The notice can be found here.

FY 2018 FSS Funding NOFA Released

On October 31, 2018, HUD released the Fiscal Year (FY) 2018 Family Self-Sufficiency (FSS) Notice of Funding Availability (NOFA). Congress appropriated $75 million for the FY 2018 FSS program. This NOFA is specifically provides renewal funding for FSS programs that were funding under FY 2015, FY 2016, and/or FY 2017 FSS grants. The application deadline is November 30, 2018.

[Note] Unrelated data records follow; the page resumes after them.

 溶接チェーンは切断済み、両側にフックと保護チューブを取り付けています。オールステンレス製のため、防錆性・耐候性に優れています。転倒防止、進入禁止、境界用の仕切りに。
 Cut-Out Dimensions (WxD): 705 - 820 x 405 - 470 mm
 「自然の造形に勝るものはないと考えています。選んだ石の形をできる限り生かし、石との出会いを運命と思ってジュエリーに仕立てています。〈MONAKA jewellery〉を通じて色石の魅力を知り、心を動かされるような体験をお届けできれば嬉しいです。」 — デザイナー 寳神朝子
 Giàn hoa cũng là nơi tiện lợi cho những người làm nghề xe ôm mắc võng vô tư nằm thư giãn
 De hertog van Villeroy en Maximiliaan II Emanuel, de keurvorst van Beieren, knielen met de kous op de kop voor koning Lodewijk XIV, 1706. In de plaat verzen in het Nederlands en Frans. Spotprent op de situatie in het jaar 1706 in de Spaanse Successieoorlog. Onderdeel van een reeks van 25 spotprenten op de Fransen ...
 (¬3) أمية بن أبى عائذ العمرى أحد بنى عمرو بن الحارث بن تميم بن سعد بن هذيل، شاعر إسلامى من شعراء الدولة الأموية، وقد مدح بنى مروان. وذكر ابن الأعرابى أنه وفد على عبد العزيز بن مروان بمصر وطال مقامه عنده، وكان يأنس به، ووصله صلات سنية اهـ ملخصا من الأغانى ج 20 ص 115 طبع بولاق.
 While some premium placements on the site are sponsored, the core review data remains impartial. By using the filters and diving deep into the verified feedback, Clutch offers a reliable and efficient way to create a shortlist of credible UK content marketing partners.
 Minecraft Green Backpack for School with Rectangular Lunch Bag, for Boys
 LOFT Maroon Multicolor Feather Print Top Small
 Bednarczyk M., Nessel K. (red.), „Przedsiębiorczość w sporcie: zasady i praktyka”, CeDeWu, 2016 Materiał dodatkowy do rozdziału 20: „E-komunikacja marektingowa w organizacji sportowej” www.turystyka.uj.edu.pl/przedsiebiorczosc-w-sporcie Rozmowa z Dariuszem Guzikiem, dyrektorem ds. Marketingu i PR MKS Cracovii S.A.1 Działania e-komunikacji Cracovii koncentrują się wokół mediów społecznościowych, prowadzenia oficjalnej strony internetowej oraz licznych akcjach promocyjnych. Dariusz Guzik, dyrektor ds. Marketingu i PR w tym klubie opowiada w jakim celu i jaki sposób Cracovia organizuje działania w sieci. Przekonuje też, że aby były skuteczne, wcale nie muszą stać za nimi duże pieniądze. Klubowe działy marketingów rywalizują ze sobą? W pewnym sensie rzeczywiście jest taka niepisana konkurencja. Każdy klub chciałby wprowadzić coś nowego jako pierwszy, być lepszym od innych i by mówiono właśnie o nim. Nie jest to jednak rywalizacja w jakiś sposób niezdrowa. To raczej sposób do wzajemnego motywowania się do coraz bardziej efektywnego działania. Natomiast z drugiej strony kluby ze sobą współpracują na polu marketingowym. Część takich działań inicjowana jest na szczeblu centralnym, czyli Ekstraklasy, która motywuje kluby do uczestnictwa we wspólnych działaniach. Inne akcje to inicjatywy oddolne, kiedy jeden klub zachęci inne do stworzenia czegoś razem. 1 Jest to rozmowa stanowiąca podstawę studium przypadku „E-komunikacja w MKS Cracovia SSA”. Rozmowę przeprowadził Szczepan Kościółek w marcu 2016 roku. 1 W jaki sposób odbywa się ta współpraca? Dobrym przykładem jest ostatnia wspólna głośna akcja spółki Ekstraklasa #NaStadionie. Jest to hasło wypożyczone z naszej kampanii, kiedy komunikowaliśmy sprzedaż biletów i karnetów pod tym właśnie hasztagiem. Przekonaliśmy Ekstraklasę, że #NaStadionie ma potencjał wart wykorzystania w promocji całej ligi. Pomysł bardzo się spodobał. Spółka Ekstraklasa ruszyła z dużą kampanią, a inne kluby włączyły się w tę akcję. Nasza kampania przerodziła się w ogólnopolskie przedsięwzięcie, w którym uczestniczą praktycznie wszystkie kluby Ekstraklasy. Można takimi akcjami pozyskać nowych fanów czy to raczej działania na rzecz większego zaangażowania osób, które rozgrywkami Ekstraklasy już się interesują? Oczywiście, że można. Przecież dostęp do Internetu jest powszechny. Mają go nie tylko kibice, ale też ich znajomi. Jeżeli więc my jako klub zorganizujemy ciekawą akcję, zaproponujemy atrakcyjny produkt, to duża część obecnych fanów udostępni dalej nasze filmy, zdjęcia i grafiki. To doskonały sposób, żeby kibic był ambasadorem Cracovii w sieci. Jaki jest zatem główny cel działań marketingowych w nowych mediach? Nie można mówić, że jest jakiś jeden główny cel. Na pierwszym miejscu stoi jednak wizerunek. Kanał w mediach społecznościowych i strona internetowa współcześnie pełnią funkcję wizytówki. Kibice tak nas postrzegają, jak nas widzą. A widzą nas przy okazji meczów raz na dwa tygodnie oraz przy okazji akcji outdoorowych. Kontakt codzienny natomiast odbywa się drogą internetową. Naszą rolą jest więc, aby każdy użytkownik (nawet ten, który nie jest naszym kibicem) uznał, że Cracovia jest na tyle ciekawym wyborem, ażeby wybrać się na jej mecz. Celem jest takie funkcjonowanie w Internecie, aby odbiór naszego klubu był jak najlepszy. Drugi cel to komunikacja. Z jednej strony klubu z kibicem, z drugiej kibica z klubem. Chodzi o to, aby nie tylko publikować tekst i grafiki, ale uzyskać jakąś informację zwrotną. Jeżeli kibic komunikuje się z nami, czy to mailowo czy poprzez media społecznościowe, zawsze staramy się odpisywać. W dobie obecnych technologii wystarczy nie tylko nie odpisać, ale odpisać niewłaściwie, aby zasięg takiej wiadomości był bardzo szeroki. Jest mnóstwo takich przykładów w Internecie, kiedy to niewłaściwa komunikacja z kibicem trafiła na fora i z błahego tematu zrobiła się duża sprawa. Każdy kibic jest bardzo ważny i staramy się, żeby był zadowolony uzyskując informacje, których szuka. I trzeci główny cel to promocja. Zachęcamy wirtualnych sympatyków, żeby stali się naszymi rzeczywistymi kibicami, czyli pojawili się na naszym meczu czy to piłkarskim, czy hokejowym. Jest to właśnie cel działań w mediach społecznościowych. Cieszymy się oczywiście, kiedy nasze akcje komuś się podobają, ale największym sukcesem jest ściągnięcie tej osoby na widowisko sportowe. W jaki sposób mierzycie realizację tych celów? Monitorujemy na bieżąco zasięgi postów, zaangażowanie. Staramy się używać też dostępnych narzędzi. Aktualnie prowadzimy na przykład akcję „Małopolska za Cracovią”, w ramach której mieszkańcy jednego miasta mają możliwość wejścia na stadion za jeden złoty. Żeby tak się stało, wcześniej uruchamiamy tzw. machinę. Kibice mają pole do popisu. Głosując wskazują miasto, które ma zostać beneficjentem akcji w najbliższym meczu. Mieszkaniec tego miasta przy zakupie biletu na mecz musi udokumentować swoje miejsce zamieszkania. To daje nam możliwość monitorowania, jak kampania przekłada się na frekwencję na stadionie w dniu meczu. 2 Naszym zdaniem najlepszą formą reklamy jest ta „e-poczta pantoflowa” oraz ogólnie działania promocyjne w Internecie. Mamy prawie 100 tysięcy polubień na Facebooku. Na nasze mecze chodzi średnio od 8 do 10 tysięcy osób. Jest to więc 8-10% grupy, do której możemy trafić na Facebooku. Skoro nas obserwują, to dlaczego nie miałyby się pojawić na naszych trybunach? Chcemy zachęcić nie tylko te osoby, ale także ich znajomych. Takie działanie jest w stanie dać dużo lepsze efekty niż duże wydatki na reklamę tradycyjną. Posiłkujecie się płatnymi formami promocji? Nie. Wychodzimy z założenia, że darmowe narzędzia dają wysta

The FSS provisions (Section 306) of  The Economic Growth, Regulatory Relief, and Consumer Protection Act (S. 2155 that became Public Law No: 115-174) are not in effect for this NOFA as HUD must issue the implementing regulations within 365 of the bill passage (May 24, 2018) and the implementing regulations have not, at the time of this blog post, been issued.

The FY 2018 NOFA application can be found on Grants.gov and additional information on this NOFA can be found on the HUD website.